For a testing script on how we scaled the bin sizes just check the test_features.py file. A sample is shown in the following figures:

There we have the histograms for the Hue and NormalX parts of the feature vector, each with the base size of 255 and 250, respectively, and downsampled to 64 and 50.

SVM model parameters

The other parameters we had to tune were the SVM parameters of the classifier, which consists of :

Kernel : linear, rbf and poly. Depending of the kernel we may use the gamma and degree parameters ( if we use rbf or poly as kernels )
Regularization : Amount of regularization for our model

We explain in the next subsection how we tuned these parameters.

Parameter tuning and experiments

Taking all the mentioned parameters into account we proceed to make experiments by running several training sessions and checking which combination yield better results. The full implementation of our experiments can be found in the PClassifierSVM.py file.

We encapsulated all these parameters into a session object, which also includes other elements, like the data batch used, resulting accuracy, trained model, etc.

class PSession :
    
    def __init__( self ) :
        # svm model 
        self.model = None
        # input and output converters
        self.inScaler = None
        self.outEncoder = None
        # k-fold cross validator
        self.kf = None
        # scores and predictions
        self.scores = None
        self.predictions = None
        self.accuracyScore = None

        # training data
        self.trainX = None
        self.trainY = None

        # session parameters
        self.nbinsColors = 1
        self.nbinsNormals = 1
        self.kernel = 'linear'
        self.gamma = 1.0
        self.C = 1.0
        self.degree = 1
        self.dataPercent = 0.5
        self.trainSize = 0

We defined a training schedule for the options we could take, and generated sessions based on this schedule. This can be found in the startTrainingSchedule method, which defines all the options for the experiments.

We then run all the sessions and saved the results ( confusion matrices and scores ) for later checking, and also sorted to show the best in the top of the list saved. All models accuracies were obtained by using 5-fold crossvalidation.

The final results can be found in the resultsKlinear and resultsKpoly files. ( The following shows only the top 10 models, the full list can be found in the appropiate files)

TOP 10 LINEAR MODELS
nc : binsize colors histogram [ 32, 128, 255 ]
nn : binsize normals histogram [ 50, 150, 250 ]
size : number training samples [ 10%, 50%, 100% ] -> [ 1600, 8000, 16000 ]
C : amount of regularization [ 0.1, 1.0, 10.0 ]

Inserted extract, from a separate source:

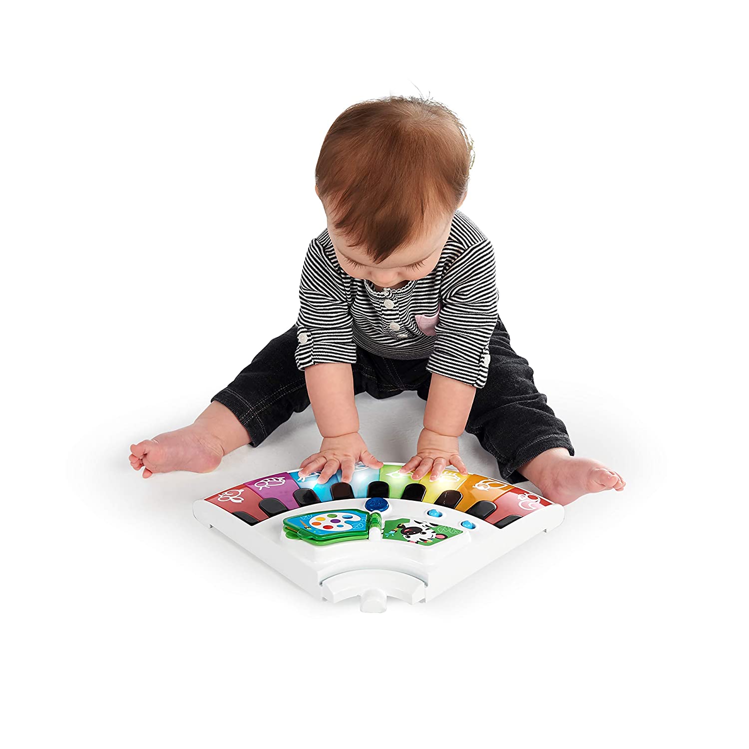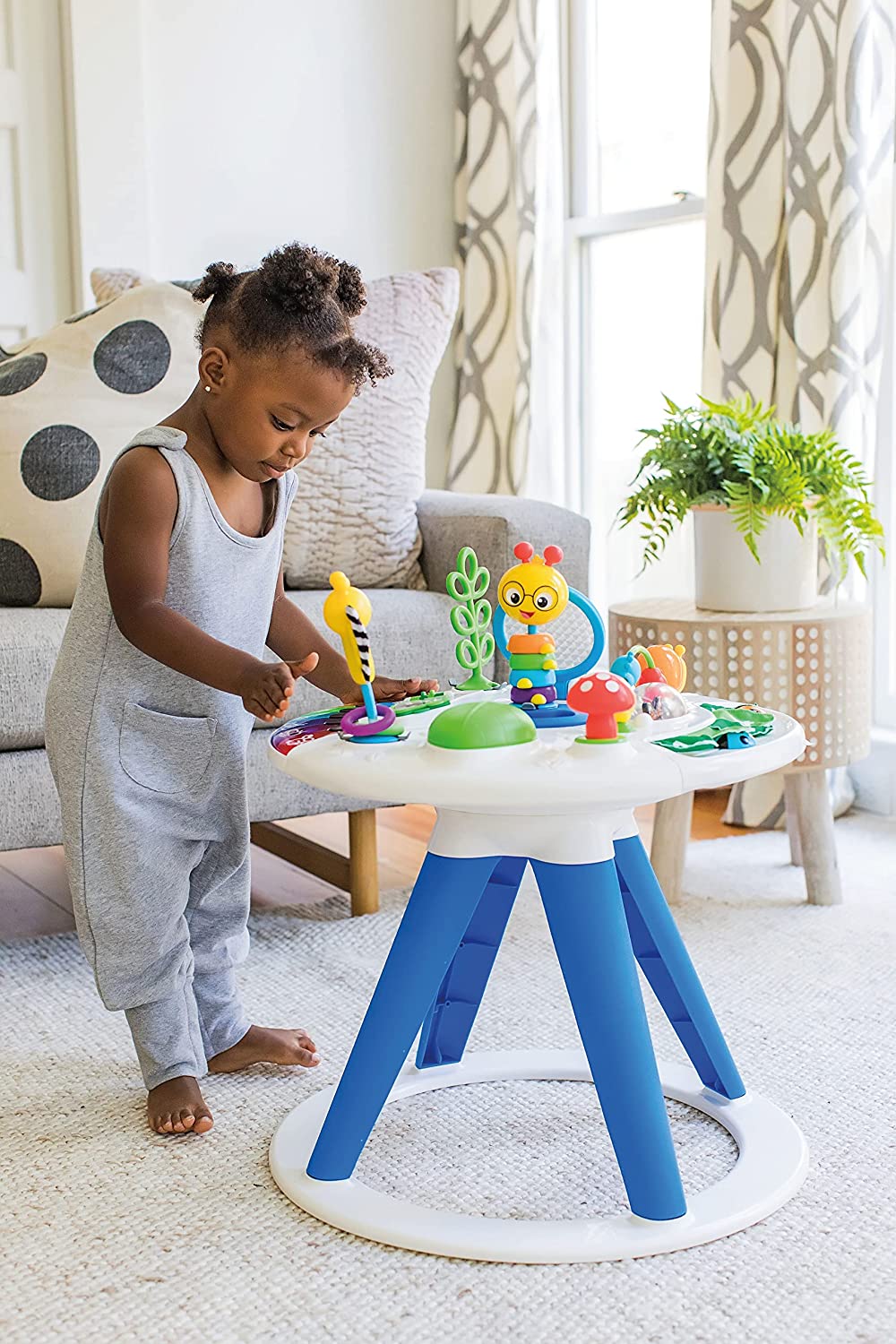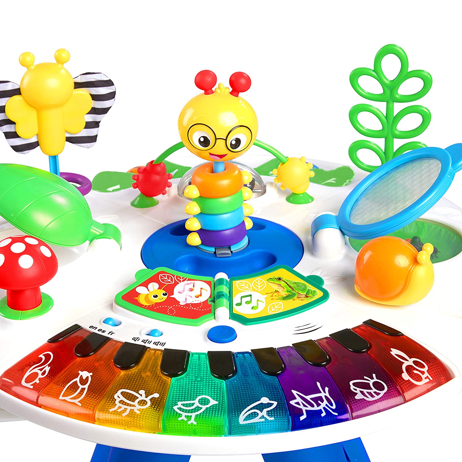The Baby Einstein around, we grow 4-in-1 provides a mix of physical and sensory experiences that promote movement and cognitive skills. Its four distinct ways to play—walk-around discovery center, discovery table, art table, and removable floor toys—will captivate your little one from 6 months up. From sitting to standing to walking, there's a mode for every stage. The innovative walk-around discovery center brings the benefits of a traditional baby walker and stationary entertainer together in one solution. The cushioned seat travels 360° around the activity table, supporting baby's first steps and empowering her to move and explore at her own pace (without wandering off). Fifteen nature-themed toys put sensory experiences at baby's fingertips and encourage the development of motor skills. Discover new sounds and languages with the full-octave piano that introduces music, animals and colors In English, Spanish, and French. The removable toy stations are great for floor play and keeping multiple kids engaged at once. Little ones will love drawing, painting, building, and creating at the art table. Assembly is quick and easy, and so is cleanup. The seat cover is machine washable, and you can wipe the activity station clean with a damp cloth.

sess_kernel_linear_C_0.1_dg_1_gamma_1.0_nc_255_nn_50_size_16000 - 0.959625
sess_kernel_linear_C_0.1_dg_1_gamma_1.0_nc_128_nn_50_size_16000 - 0.9595625
sess_kernel_linear_C_1.0_dg_1_gamma_1.0_nc_128_nn_50_size_16000 - 0.955
sess_kernel_linear_C_0.1_dg_1_gamma_1.0_nc_32_nn_50_size_16000 - 0.9538125
sess_kernel_linear_C_10.0_dg_1_gamma_1.0_nc_128_nn_50_size_16000 - 0.9534375
sess_kernel_linear_C_1.0_dg_1_gamma_1.0_nc_255_nn_50_size_16000 - 0.9524375
sess_kernel_linear_C_1.0_dg_1_gamma_1.0_nc_32_nn_50_size_16000 - 0.9513125
sess_kernel_linear_C_10.0_dg_1_gamma_1.0_nc_255_nn_50_size_16000 - 0.9504375
sess_kernel_linear_C_10.0_dg_1_gamma_1.0_nc_32_nn_50_size_16000 - 0.94875
sess_kernel_linear_C_0.1_dg_1_gamma_1.0_nc_255_nn_150_size_16000 - 0.9454375

TOP 10 POLYNOMIAL MODELS
nc : binsize colors histogram [ 32, 128 ]
nn : binsize normals histogram [ 50, 150 ]
size : number training samples [ 10%, 50%, 100% ] -> [ 1600, 8000, 16000 ]
C : amount of regularization [ 0.1, 1.0, 10.0 ]
dg : degree of the polynomial kernel [ 2, 3, 4 ]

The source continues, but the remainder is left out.